═══ RECORDS SUPPLIED

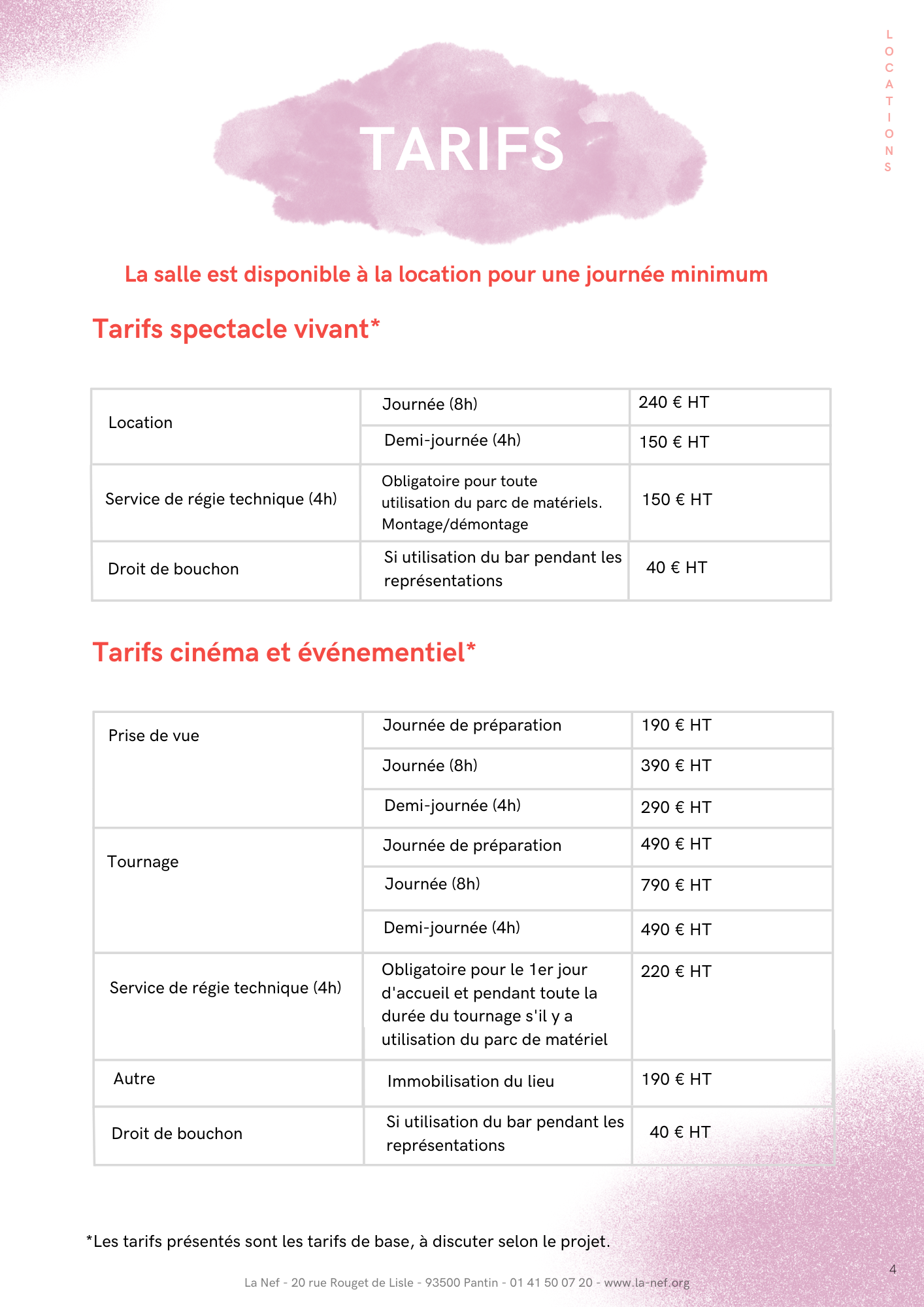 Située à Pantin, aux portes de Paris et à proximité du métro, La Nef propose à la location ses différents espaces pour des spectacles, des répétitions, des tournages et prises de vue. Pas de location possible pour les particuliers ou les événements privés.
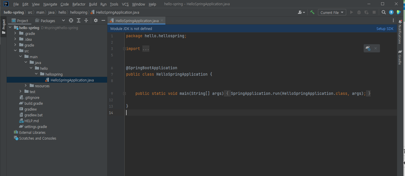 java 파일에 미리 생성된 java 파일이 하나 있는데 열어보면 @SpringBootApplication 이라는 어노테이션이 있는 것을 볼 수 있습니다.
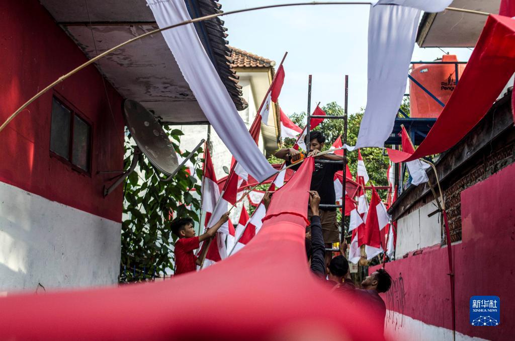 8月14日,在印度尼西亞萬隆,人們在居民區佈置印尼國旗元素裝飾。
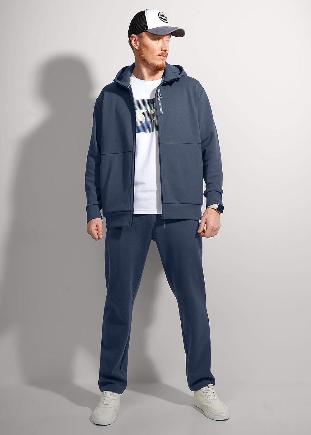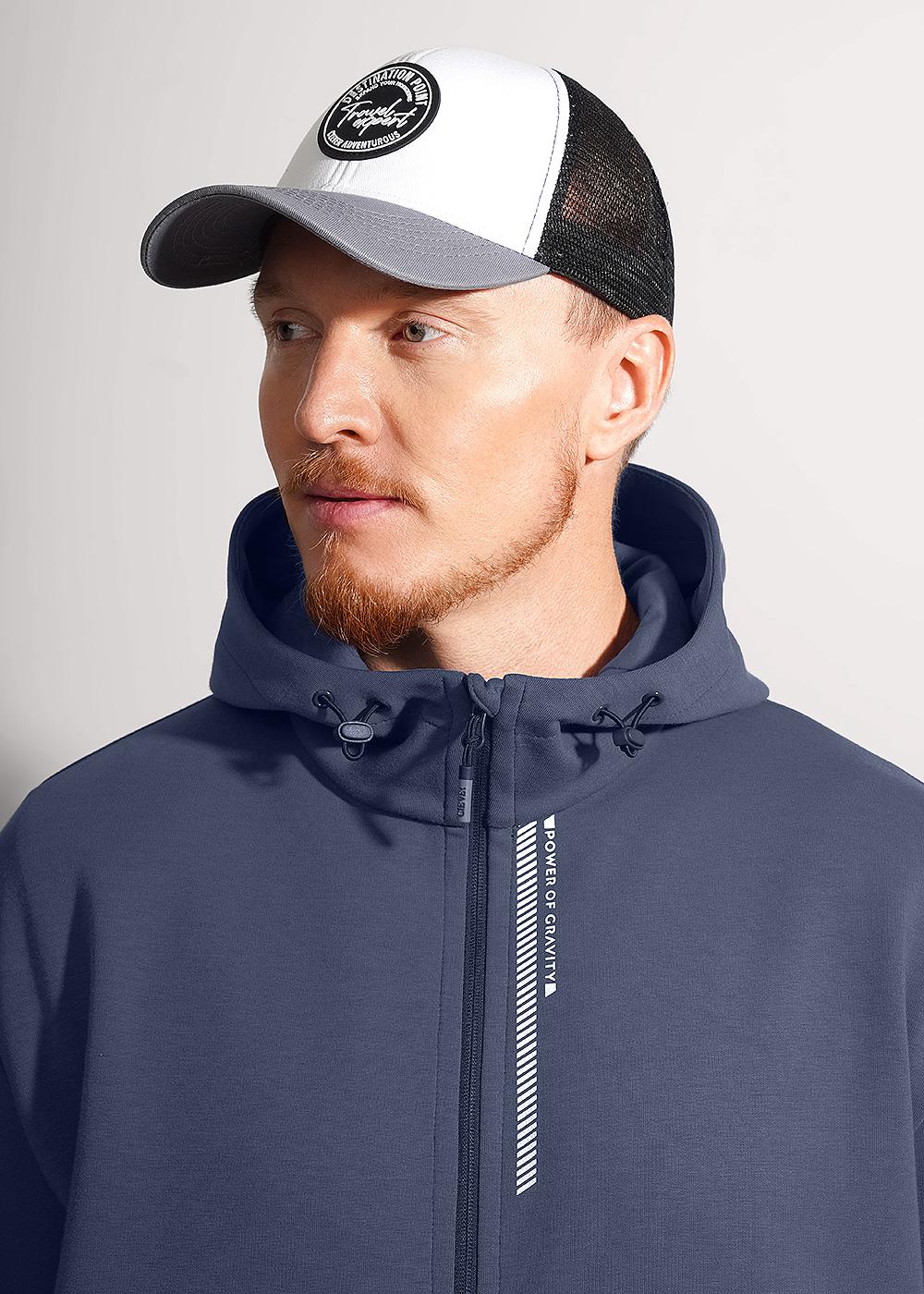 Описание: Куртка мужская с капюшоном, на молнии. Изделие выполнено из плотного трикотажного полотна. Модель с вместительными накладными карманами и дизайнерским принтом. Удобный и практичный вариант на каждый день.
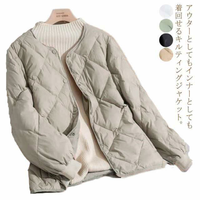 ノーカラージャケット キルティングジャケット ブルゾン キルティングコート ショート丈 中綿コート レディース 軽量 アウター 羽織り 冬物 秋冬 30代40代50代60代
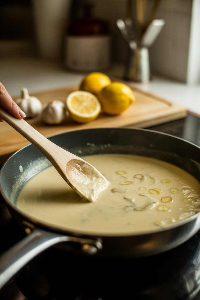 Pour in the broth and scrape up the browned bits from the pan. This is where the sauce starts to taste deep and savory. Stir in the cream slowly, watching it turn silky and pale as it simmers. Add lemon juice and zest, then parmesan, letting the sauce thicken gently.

══════
═══ RECORDS SUPPLIED

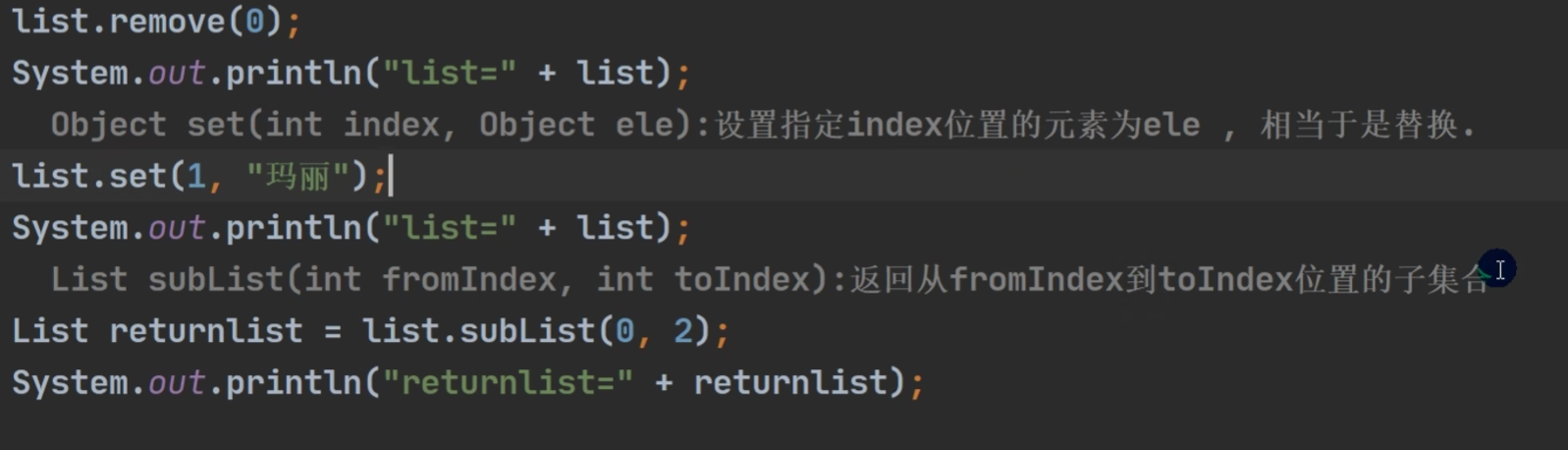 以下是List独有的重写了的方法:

══════

TASK DETAILS: What you write must match the listing exactly, from the line with "8月14日,在印度尼西亞萬隆,人們在居民區佈置印尼國旗元素裝飾。" up to and including the line with "ノーカラージャケット キルティングジャケット ブルゾン". Pictures stay out.

TASK RESULT:
 8月14日,在印度尼西亞萬隆,人們在居民區佈置印尼國旗元素裝飾。
 Описание: Куртка мужская с капюшоном, на молнии. Изделие выполнено из плотного трикотажного полотна. Модель с вместительными накладными карманами и дизайнерским принтом. Удобный и практичный вариант на каждый день.
 ノーカラージャケット キルティングジャケット ブルゾン キルティングコート ショート丈 中綿コート レディース 軽量 アウター 羽織り 冬物 秋冬 30代40代50代60代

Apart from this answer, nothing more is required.